Pudieras estar viajando a la metrópoli más lejana o al sitio más recóndito del planeta, no importa dónde y cuán apartado creas que estés, siempre encontrarás un dominicano. Lo sabes desde que oyes la palabra “chin” o “el diache” en el lugar más inesperado o porque simplemente te sonríe ampliamente sin conocerte y desde que hablan y descubre tu procedencia en la primera conversación, ya te da un trato preferencial.

El dominicano sabe de todo: de medicina para recetarte cualquier cosa, aunque no te haya visto antes; de tránsito para ayudar a parquearte sin conocerte o de política para dar su versión sobre algún acontecimiento, tomar partido y hasta proponer su solución.

Sólo las dominicanas nos hacemos rolos para exhibirlos despreocupadamente en las calles, sólo un dominicano recuesta un pie en la pared justo al lado del letrero donde dice que no debe hacerlo.

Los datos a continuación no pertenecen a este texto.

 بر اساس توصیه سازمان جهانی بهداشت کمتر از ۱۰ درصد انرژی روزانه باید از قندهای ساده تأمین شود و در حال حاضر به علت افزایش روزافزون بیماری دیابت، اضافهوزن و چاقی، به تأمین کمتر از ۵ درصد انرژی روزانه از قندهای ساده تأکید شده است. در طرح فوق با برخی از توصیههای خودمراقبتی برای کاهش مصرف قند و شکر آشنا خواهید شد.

Somos optimistas por definición y ocurrentes por antonomasia, nadie baila y goza como un dominicano; cualquier motivo merece una celebración, desde el cumpleaños de la abuela hasta el ascenso del vecino; con botella en mano, mucha bulla y comida alrededor.

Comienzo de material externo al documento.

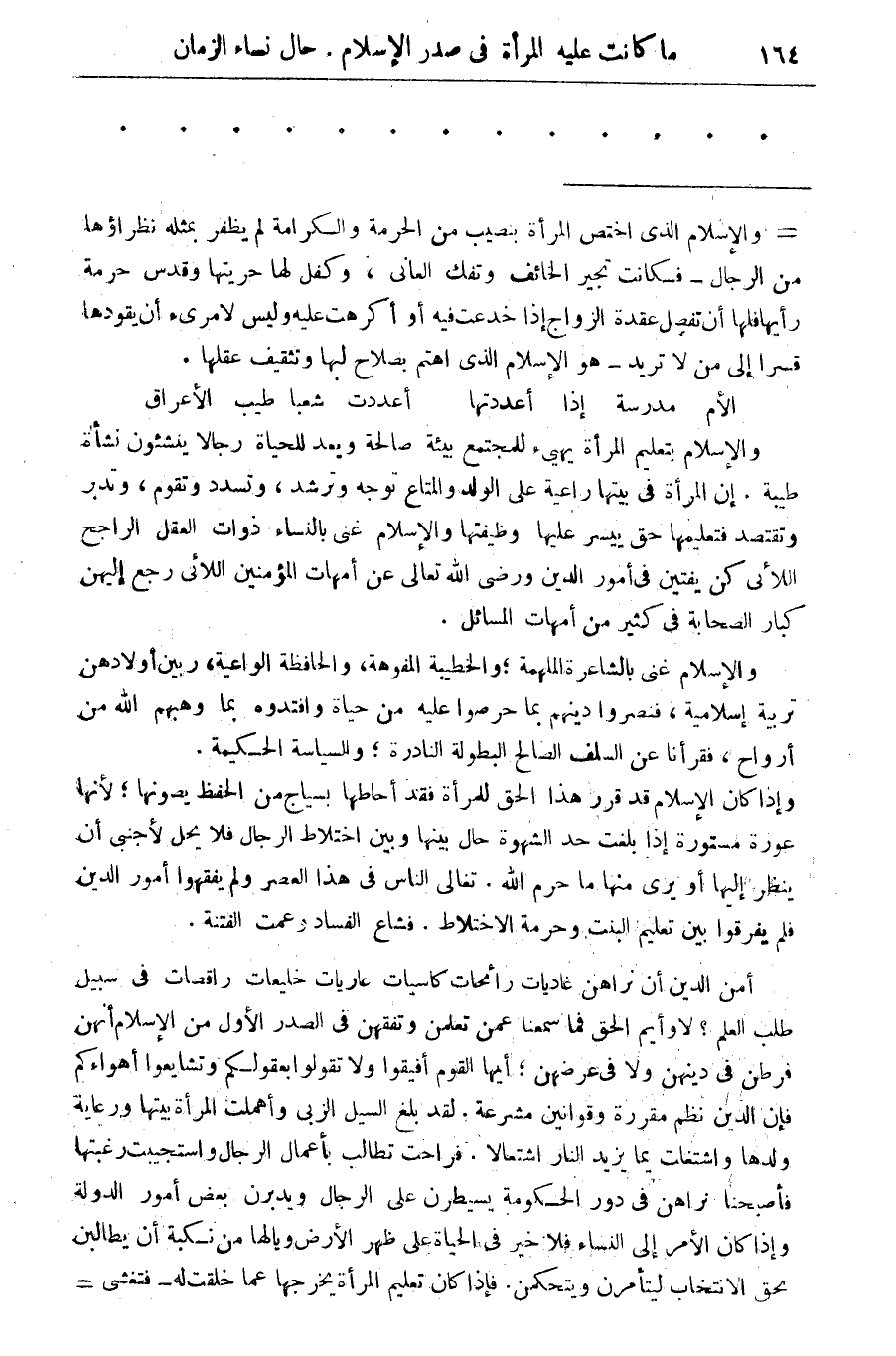 أمن الدين أن نراهن غاديات رائحات كاسيات عاريات خليعات راقصات فى سبيل طلب العلم؟ لا وايم الحق فما سمعنا عمن تعلمن وتفقهن فى الصدر الأول من الإسلام أنهن فرطن فى دينهن ولا فى عرضهن، ايها القوم افيقوا ولا تقولوا بعقولكم وتشايعوا أهواءكم فإن الدين نظم مقررة وقوانين مشرعة. لقد بلغ السيل الزبى وأهملت المرأة بيتها ورعاية ولدها واشتغلت بما يزيد النار اشتعالا. فراحت تطالب باعمال الرجال واستجيبت رغبتها فاصبحنا نراهن فى دور الحكومة يسيطرن على الرجال ويدبرن بعض أمور الدولة وإذا كان الأمر إلى النساء فلا خير فى الحياة على ظهر الرض الرض ويالها من نكبة أن يطالبن بحق الانتخاب ليتامرن ويتحكمن. فإذا كان تعليم المرأة يخرجها عما خلقت له فتغشى =

Competitivos y regionales, en los deportes, en los conocimientos, en las oportunidades; aunque solidarios como nadie. Basta que alguien nos necesite para acudir raudos en su auxilio, sin pedir permiso porque, para intrusos y opinadores, nadie como uno nacido en Quisqueya.

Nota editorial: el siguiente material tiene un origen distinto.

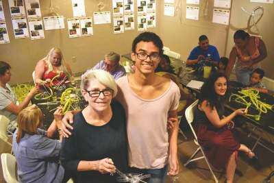 PRESS PHOTO BY ED COURRIERFrom left, “Izanami” Francis Beaty and Derek Reynoso in the Baum School of Art Rodale Family Gallery where “Third Thursday” participants created pieces for “The Arrival,” a site-specific installation inside the David E. Rodale Gallery. “Izanami” is Japanese for “She who invites,” according to Beaty, Baum School artist-in-residence. Reynoso, former Baum art student and Copyright - &Copy; Ed Courrier

Cariñosos y expresivos, aunque desconfiados, ariscos y confianzudos. El que recibe la amistad de uno de los nuestros nunca la perderá, aunque quiera hacerlo, porque somos desmemoriados a la ofensa, mientras no nos mencionen a nuestra madre, por su puesto.

Vivarachos y aprovechados, no desperdiciamos oportunidad para sacarle provecho a una situación. Consejeros sin que nos lo soliciten, enterados de todo el acontecer del vecindario, de la provincia, del país. Esa actitud pendenciera nos crea más de un problema, cuando expresamos nuestra opinión sin embates y sin que nos la hayan pedido.

Por eso entre el desorden que nos es propio los extranjeros quedan prendados de ese encanto inexplicable del dominicano que, en medio de la tribulación, te ayuda a cambiar la goma, te lleva una sopa “revive muertos”, pero que tampoco puede resistirse a piropear a cuanta mujer le pase por el frente, como si fuera un asunto de honor para probar su hombría.

Por eso, los que estamos no nos vamos y los que se fueron quieren volver, contando los días para su regreso a compartir un sancocho o jugar dominó, mientras se pierden en el aroma de un café recién colado, porque este, para bien o para mal, sigue siendo el mejor país para vivir.